Segundo Dunker e Rodrigues (2013), há uma relação homóloga entre a prática da
psicanálise e o cinema, que se apoiam principalmente nas “afinidades sociológicas, narrativas,
políticas e semióticas entre cinema e psicanálise, a fundamental, que reúne todas as anteriores,
é de método”. A exemplo disso encontramos na obra Delírios e sonhos na “Gradiva” de
Jensen, Freud reconhecendo a arte como campo de saber com perspectiva de operacionalizar
na lacuna, na qual, a ciência, e também a psicanálise, encontraria obstáculos em seu avanço,
pois, assim como o sonho, a obra de arte teria o caráter de uma solução de compromisso entre
os sistemas inconsciente e pré- consciente-consciente (Dunker & Rodrigues, 2013, p. 24).
No entanto, foi Lacan quem redimensionou a perspectiva freudiana sobre arte,
situando-a como intérprete da psicanálise, como saber que precede o psicanalista, podendo o
artista abrir caminho para os psicanalistas quando essa abertura deixa passagem a um saber
que não se sabe, ou que não se sabe que sabe.
A arte cinematográfica constitui como a mais imaterial das artes e esconde o mais
imaterial dos objetos: o olhar. No qual, o indivíduo vê a partir de um único ponto, podendo
ser olhado de todas as partes. Dessa forma, o olhar, está do lado de fora, e o que determina o
sujeito no campo do visível é justamente esse olhar, ou seja, o fato de ser olhado (Lacan,
1964/1998, p. 104).
Ao analisarmos a obra de Alfred Hitchcock (1954) “Janela Indiscreta”, cujo título
original, “Rear Window” (Janela dos Fundos) baseou-se no livro “Murder from a fixed
viewpoint” (“Assassinato de um ponto de vista fixo”), de Cornell Woolrich, encontramos no
protagonista, Jeff, mais especificamente, no seu olhar, a retirada da onipresença da câmera,
projetada a partir de único ponto, concentrada na atitude de um voyeur, que nas condições de
limitação físicas de locomoção, fica em frente sua janela observando o cotidiano alheio.

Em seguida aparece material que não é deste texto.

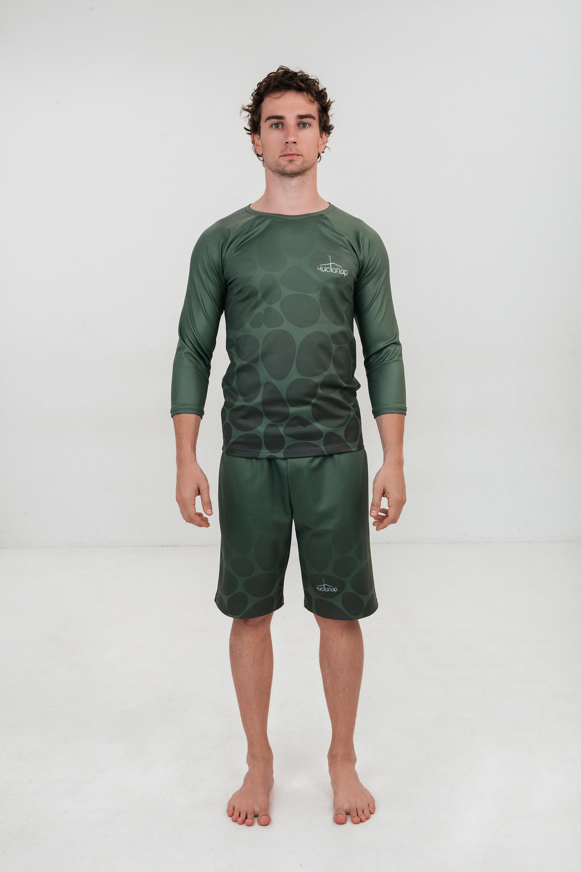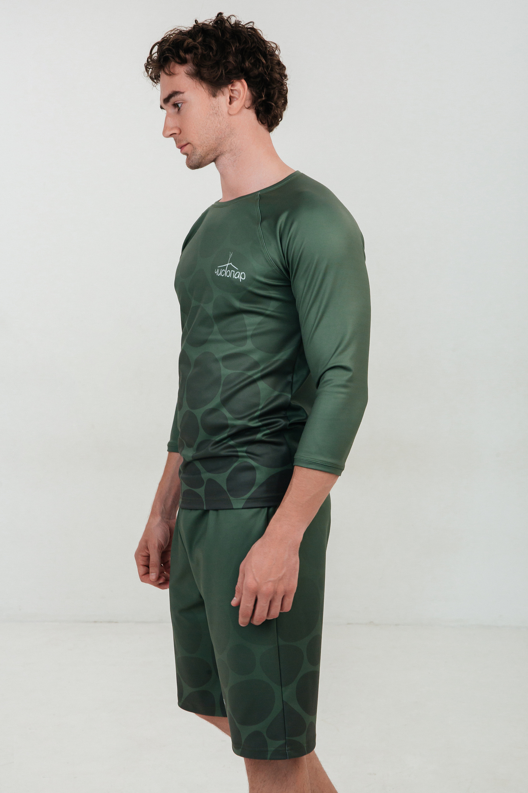 Описание: Мужской термо-рашгард Чистопар — зелёный Размер: M–L Лёгкий, облегающий и функциональный — этот рашгард создан для тех, кто хочет чувствовать себя уверенно и комфортно в парной, у бассейна или на отдыхе. От бренда Чистопар, где даже спортивная модель становится частью банного ритуала. Сшит из современного смешанного материала — полиэстера с добавлением эластана. Такая ткань: — быстро отводит влагу и сохнет в считанные минуты, — не теряет форму даже при активных движениях, — мягко облегает тело, не стесняя движений, — защищает кожу от лёгкого перегрева в парной и от трения при работе с веником. Крой — анатомический, с учётом естественных линий тела: Длина по переду — 67 см — прикрывает поясницу даже при наклоне. Ширина по груди — 92 см (46 см в половине) — обеспечивает плотную, но не сдавливающую посадку. Эластичные края по горловине и рукавам — не давят и не оставляют следов. Цвет — глубокий зелёный: сдержанный, мужественный и практичный — не маркий и отлично вписывается в атмосферу бани. Идеален как для новичков, которые хотят чувствовать себя скромнее в общественной бане, так и для опытных парильщиков и банщиков, ценящих функциональность и гигиеничность. Размер M–L — универсальный крой на обхват груди 92–100 см, с учётом эластичности ткани. Уход: машинная стирка при 30°C. Не требует глажки — просто повесьте сушиться после бани, и он готов к следующему использованию. Чистопар — потому что в бане важно всё: и качество пара, и то, во что вы одеты.

O olhar do protagonista enxerga a partir do quadro de sua janela, a Miss Lonelyheart,
uma senhora de meia-idade desesperada por um amor; Miss Torso, a dançarina do outro lado
do pátio que vive no andar de cima de onde mora uma escultora surda que mora em frente a
um músico que está constantemente trabalhando numa composição para piano e que pode
olhar pela janela e ver um casal vizinho que dorme na escada de incêndio, que possui um
cãozinho xereta…
Thorwald tem uma atitude estranha após a outra, e Jeff tem de fazer o impossível para
convencer Lisa, sua namorada linda e elegante – papel da primeira e única Grace Kelly – de
que está certo. Seu antigo companheiro de guerra, agora um detetive, também não acredita
nele, principalmente por conta de todas as evidências que ele encontra e que podem inocentar
Thorwald. Por várias vezes, Jeff procura amparo na lei e é rechaçado pelos fatos e pelo bom
senso, até que seu amigo finalmente lhe diz para deixar de lado e cuidar da própria vida.
Pensar o quadro como janela cumpre com a ideia de que o homem ao olhar sobre o
mundo e saber sobre ele, circunscreve o território do íntimo e o ponto de vista, entendendo-o
como condição desta nova visão da qual goza o sujeito: ver sem ser visto. Para a psicanálise, o
campo do visível está fundamentalmente incompleto, uma só coisa não se vê no que vejo: o
ponto desde onde vejo.
A cada novo olhar nos afazeres privados, em suas reações sutis mais imensamente
satisfatórias quando o assunto é perspectiva, são capazes de servirem como elementos que
mantém uma relação viva e pulsante entre protagonista/público e protagonista/vizinhos.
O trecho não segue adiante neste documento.